Yes, he was quite sure that life was extinct, he said. No, there was no possibility of survival whatsoever. So could the doctor – or one of his partners – come out as quickly as possible? Yes, he understood that it might take a little time to locate whoever was on call. No, of course he would not leave the house in the meantime. He wondered if the owner of the voice suspected him of preparing to zap off into the night to whoop it up somewhere while rigor mortis set in on his father’s corpse.
But he listened to the explanation about calling 999, and then said coldly that in view of the fact that his father was undoubtedly dead there did not seem much point in summoning the emergency services who might be better employed elsewhere, to say nothing of waking the entire neighbourhood with sirens and flashing lights. What he needed, he said, was a doctor and an undertaker, and he did not mind in which order. The voice appeared to find this an inappropriate remark, and said primly that an on-call doctor would be there as soon as possible.
Edmund had to wait three hours for a very young, very rumpled-looking duty doctor to arrive. He spent the hours sitting on the landing floor, with the bathroom door propped open, watching his father’s body, trying not to wonder what he would do if that the dreadful head with the two sets of gaping lips – one pallid, the other blood-caked – suddenly turned towards the door.
While he waited the carriage clock downstairs ticked away the minutes and then the hours. Tick-tick…Always-be-with-you-Edmund…Tick-tick…The-murdered-ones-walk-Edmund…

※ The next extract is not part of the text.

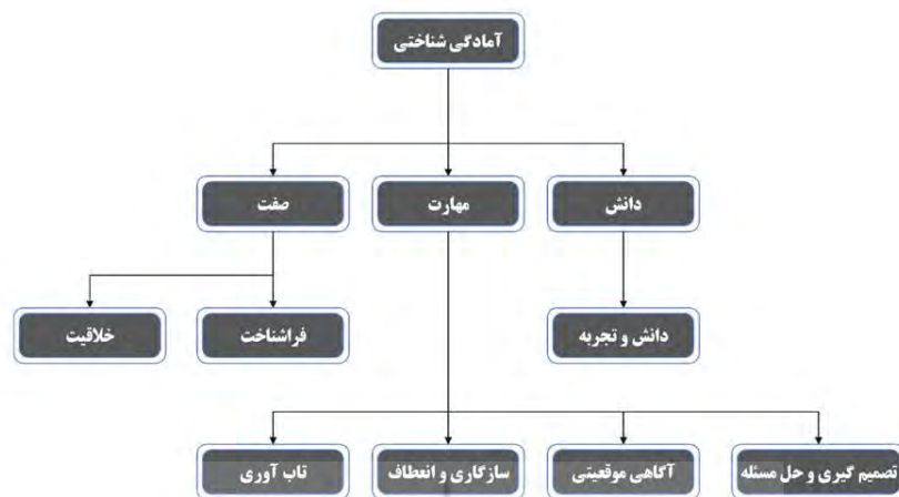
شکل ۱. مدل نهایی آمادگی شناختی

در بخش دوم پژوهش و جهت طراحی بسته آموزشی، از مدل آمادگی شناختی تدوین شده استفاده گشت و با بررسی منابع و نظر اساتید محتوا و اهداف آن مبتنی بر بافتار فرهنگی و سازمانی نظامیان ایرانی جمع آوری شد. در همین راستا، در جداول ۲ تا ۴ محتواهای بسته آموزشی آمادگی شناختی به تفکیک جلسات و مقولات آورده شده است و در نهایت ضریب نسبی روایی محتوا و شاخص روایی محتوا برای هر مورد آمده است:

The murdered ones. Conrad Kline. Leo Dreyer. Mariana and Bruce Trent.
Edmund listened to the ticking rhythmi
c voices for a long time, and very slowly he began to understand that Crispin – the real Crispin who had been young and good-looking and full of confidence – was filling him up, and he knew that Crispin would stay with him no matter what he, Edmund, did. He could hear Crispin’s voice inside the ticking clock, and inside the goblin-chuckling of the rain as it ran down the gutters. We’re both murderers, Edmund…We’ve both killed someone…So I’ll stay with you, Edmund…I’ll make sure you’re safe…
Shortly before dawn Crispin’s body finally began to stiffen, slipping down in the cold water so that it washed against the sides of the bath, adding its slopping voice to that of the ticking clock. The murdered walk, Edmund…I’ll always be with you, Edmund…Always be with you…Whatever you do and wherever you go, I’ll always be there to help you…

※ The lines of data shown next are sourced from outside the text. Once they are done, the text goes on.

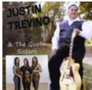
Justin Trevino & the Quebe Sisters - Single (2017)
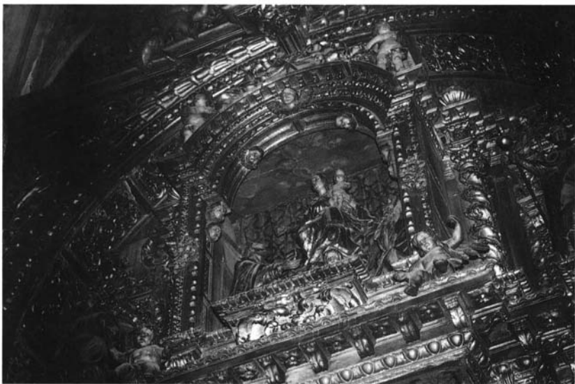
Lám. 6. Cristóbal de Guadix (1707). Retablo de la capilla del Calvario (detalle). Parroquia de la Magdalena (Sevilla)
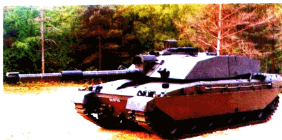
英国“挑战者”2主战坦克

After the fire Lucy had not minded living with her father’s family, who were kind and generous, and who made her part of them. There were holidays with Aunt Deborah, who talked to Lucy about Mariana, which Lucy liked. Looking back, she thought she had eventually managed to have a reasonably happy childhood, although she had been glad when she was old enough to leave home and work in London and have her own flat.

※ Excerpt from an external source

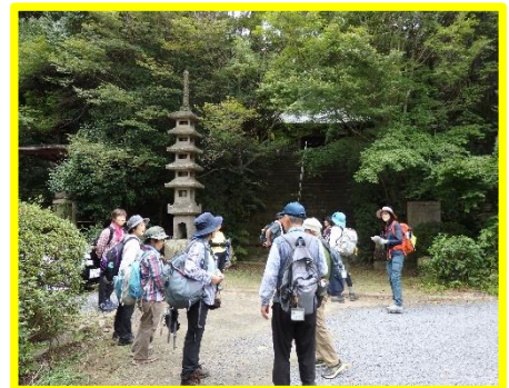
無事に鷲峰寺へ下山

But the trouble with memories was that even though you fought them as hard as you could, they were sometimes too strong for you; they could lie quietly in a corner of your mind – sometimes for years and years – and then pounce on you. Lucy knew very well that there were some memories that were dangerous and painful, and that must be kept out at all costs.
CHAPTER TWENTY-ONE
Alice had always known that the past was something that might be dangerous, and she had always known, as well, that the ghosts of that past might one day be responsible for destroying the careful, false edifice she had built up. It would only take one wrong move, or one unexpected moment of recognition, and the baroness’s career would be over.